Shelley Wood is a Kelowna-based medical journalist for WebMD and a regular contributor to Okanagan Q magazine.

Brain fitness? Keep the regimen fresh

In April, researchers at the Massachusetts Institute of Technology (M.I.T) made a startling announcement that may turn our notion of what the brain remembers--and forgets--completely on its head. Writing in the science journal Nature, Dr Li-Huei Tsai and her co-authors reported that mice genetically modified to experience a type of neurodegeneration similar to Alzheimer's disease in humans could have their memories restored.

As the scientists explain in their study, mice that appeared to lose early memories when their brain degeneration set in were able to regain these memories after being housed in an "enriched environment": cages filled with new toys and exercise wheels. Far from being "erased" these memories were essentially misplaced within the mice brains, then re-accessed after the mice were given new challenges and stimulation.

Dr. Mary Ann Murphy is an associate professor at UBC Okanagan who specializes in the sociology of aging and has developed a program focusing on aging within the UBC School of Social Work. "This is probably one of the most dramatic findings we've had in brain research, at least in the last year," she commented. "This is the first evidence that even if the brain has suffered some kind of damage, and an individual exhibits a lot of impairment, there is still the ability to improve learning ability and to recover. That's quite staggering."

Murphy points out that this and other research challenge the notion that brain decline is inevitable. A host of other studies, for example, suggest that even as the brain and the pathways that feed it may become restricted with time, new pathways form in compensation, a process dubbed neuroplasticity.

Increasingly, researchers are insisting that the brain, just like the body, can and should be exercised in order to function at its best. Emerging evidence suggests that the key to keeping the brain fit seems to be not just rote exercise, but ever-varying mental challenges. While crossword puzzles and the ubiquitous Sudoku force the brain to fire up, shine a flashlight into forgotten recesses, and look for clues or patterns, research suggest it's also necessary to seek out completely novel tests and riddles for the brain to mull over.

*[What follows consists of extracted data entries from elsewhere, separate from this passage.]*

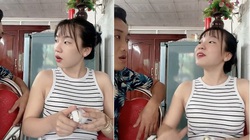Người chồng liên tục làm trò trêu chọc khi thấy vợ ăn uống khó khăn vì phun môi bị sưng tấy.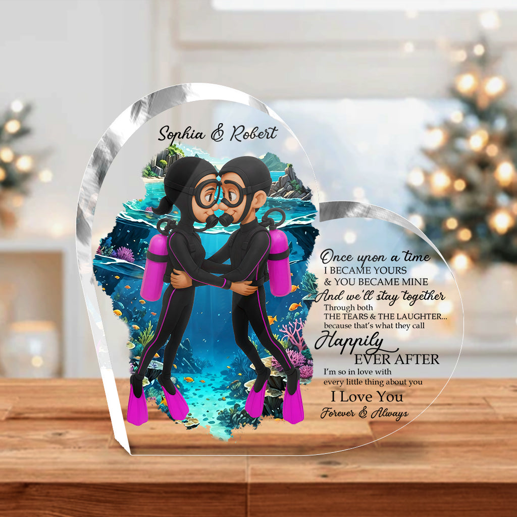 Diving Couple, Love Forever, Gift For Couple - Personalized Custom Shaped Acrylic Plaque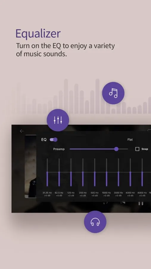 · Equalizer: Save separate equalizers for music & video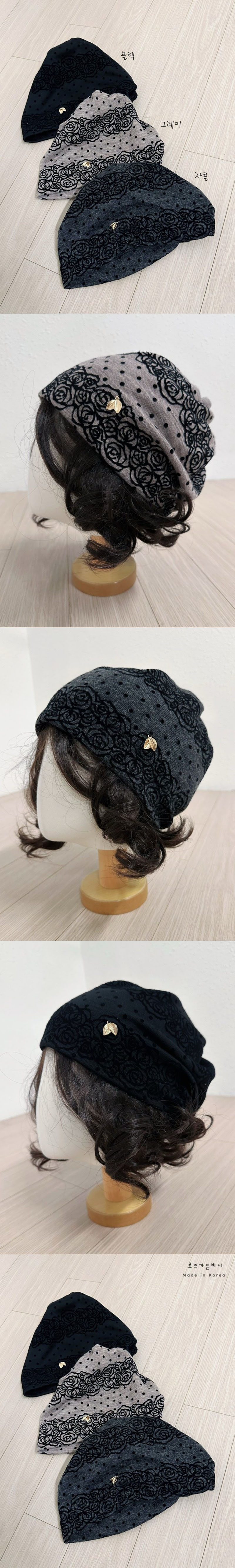 여성 리프 도트 겨울 얇은 방한 비니 모자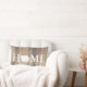 Robuust elegante lumbaalkussens met een lichte houten achtergrond met het woord "HOME" en de "O" als silhouet van de staat Iowa. De achterzijde heeft uw familienaam in witte teksten.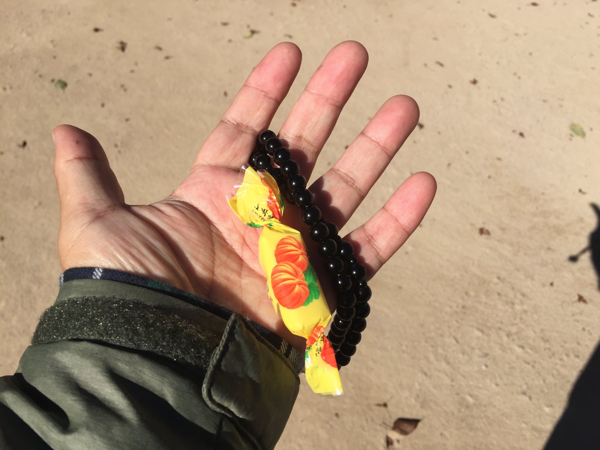 한국 절의 떡 보시를 받은 것 같네요.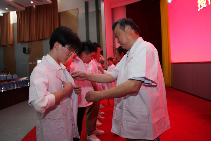 老师代表为毕业生代表授予白大褂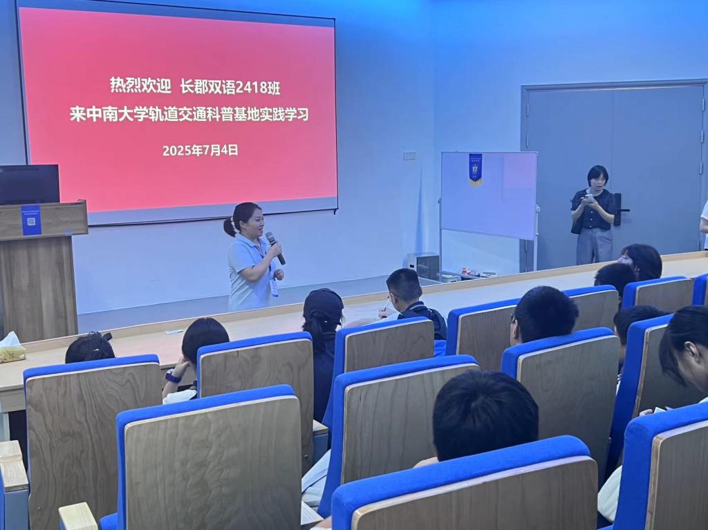 据黄启萍报:2025年7月4日上午,长郡双语和师大附中100余师生来访科普社会实践,通过参观铁路园、列车气动研究实验室、实车碰撞实验室,聆听讲座、学长学姐对话等方式,零距离感受中国铁路的辉煌发展历程与高速铁路科技创新的澎湃动力。

"This is really a remarkable discovery that suggests that it's necessary to maintain brain stimulation through life-long learning, and most important, engaging your brain in non-familiar patterns: that could be driving a different route to the store, or learning something new around the house--just thinking of different ways of doing thing," Murphy said. "It's not just exercising the brain, it's exercising it in a way it's not used to.

Learning to dance, or to paint, she says, "are very good examples of stimulating the brain in new ways."